Como a comunidade jurídica avalia a intervenção do Ministério Público Federal e da Justiça Federal no processo de revisão do Plano Diretor?
Pedro de Menezes Niebuhr – A percepção de parcela quase unânime dos colegas especialistas e atuantes na área é que a intervenção do Ministério Público Federal e da Justiça Federal foi equivocada, desde o início. O fundamento da ação judicial, tecnicamente, parece ser correto. O Plano Diretor de 2014 não foi participativo como determina o Estatuto da Cidade. Mas no meio jurídico sempre houve muita dificuldade em entender os fundamentos que levaram à definição da competência da Justiça Federal e ao reconhecimento da legitimidade do Ministério Público Federal para atuar nesse processo. Muitos dos advogados que atuam na área também não concordavam com a excessiva interferência judicial na definição da forma de como a participação popular deveria ser conduzida pelo município e no próprio mérito da atividade de planejamento urbano. Em certo ponto, a visão de cidade do Ministério Público Federal estava sendo imposta aos planejadores urbanos do município que, pressionados para contemplar as alterações exigidas pelo Ministério Público Federal, chegaram inclusive a recusar oficialmente a responsabilidade técnica pelo trabalho.
Qual lei está valendo?
Niebuhr – Diante da ausência de decisão judicial que suspenda ou declare a invalidade da Lei aprovada em 2014, ela remanesce integralmente válida. O Plano Diretor de 2014 deve ser aplicado pelo município nos licenciamentos e fiscalizações, até que seja editada uma nova lei, alterando ou substituindo o Plano de 2014, ou até que se instaure uma nova discussão judicial, promovida por autores legítimos e na instância competente, com nova decisão judicial de suspensão dos efeitos da lei.
Alguém pode questionar novamente a validade do Plano Diretor de 2014?

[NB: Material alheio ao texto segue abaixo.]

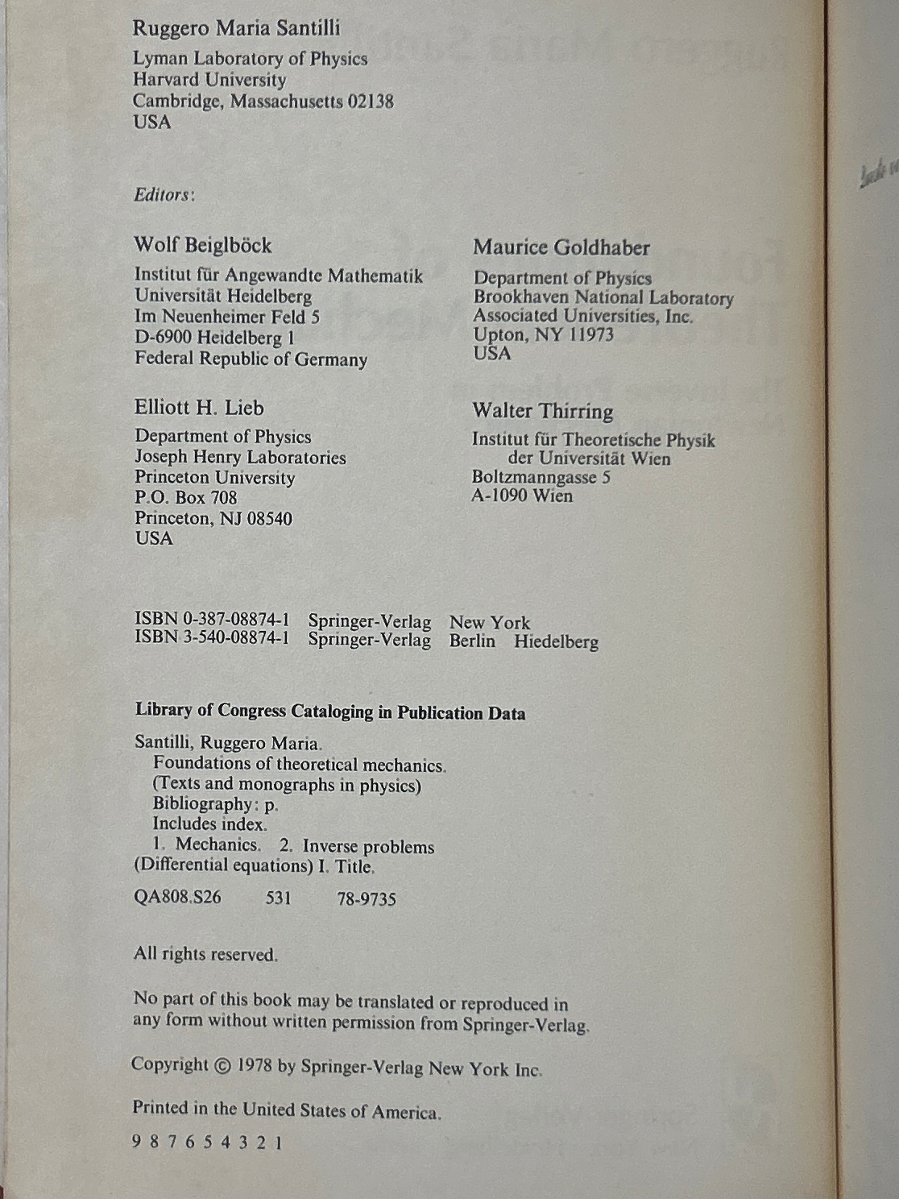 Foundations of Theoretical Mechanics. 2Vols. (Texts and Monographs in Physics) /SANTILLI(R.M)〈36776〉

Niebuhr – Em tese sim. A decisão do Superior Tribunal de Justiça admite, por exclusão, que o Ministério Público do Estado e outros legitimados poderiam propor ação judicial discutindo a constitucionalidade da lei de 2014, inclusive repetindo o argumento do Ministério Público Federal, isto é, a ausência de participação popular naquele processo. Não esperamos que isso ocorra, diante de toda insegurança jurídica e desgaste que a ação judicial causou. É hora de olhar para frente, aprender com os erros praticados no passado e conceber um modo novo, mais sofisticado, de interação com a população para planejar o desenvolvimento da cidade.
O que acontece agora?
Niebuhr – Apesar do Plano Diretor de 2014 estar vigendo, muitos servidores municipais reconhecem que sua edição não foi participativa e que a lei pode ser muito melhorada. O ideal seria reiniciar o processo de revisão o quanto antes, agora com calma, moderação, sem a pressão absurda que estava sendo imposta ao Ipuf. Aprendeu-se muito com esse litígio, tanto no que deve quanto no que não deve ser feito. É hora de fazer um planejamento adequado, estruturado. Conceber, primeiro, o que deve e o que não deve ser objeto do Plano Diretor. Na sequência, produzir um material técnico apropriado, confiável, que irá dar suporte aos diagnósticos, discussões e construção das soluções. É necessário reestruturar o Núcleo Gestor e definir com clareza o escopo da participação popular no processo. A participação popular nas audiências públicas não deve ser vista como forma de transferir uma responsabilidade, que é do município, para grupos de pressão, sejam eles empresariais, populares, ambientalistas ou profissionais. É um canal de diálogo, de compartilhamento das expectativas, de comunicação dos cenários e de construção de soluções. A divisão da sociedade, a oposição entre classe política, empresários e população, não interessa a ninguém. A cidade deve acolher a todos, deve viabilizar, na maior medida possível, a convergência dos interesses de todos.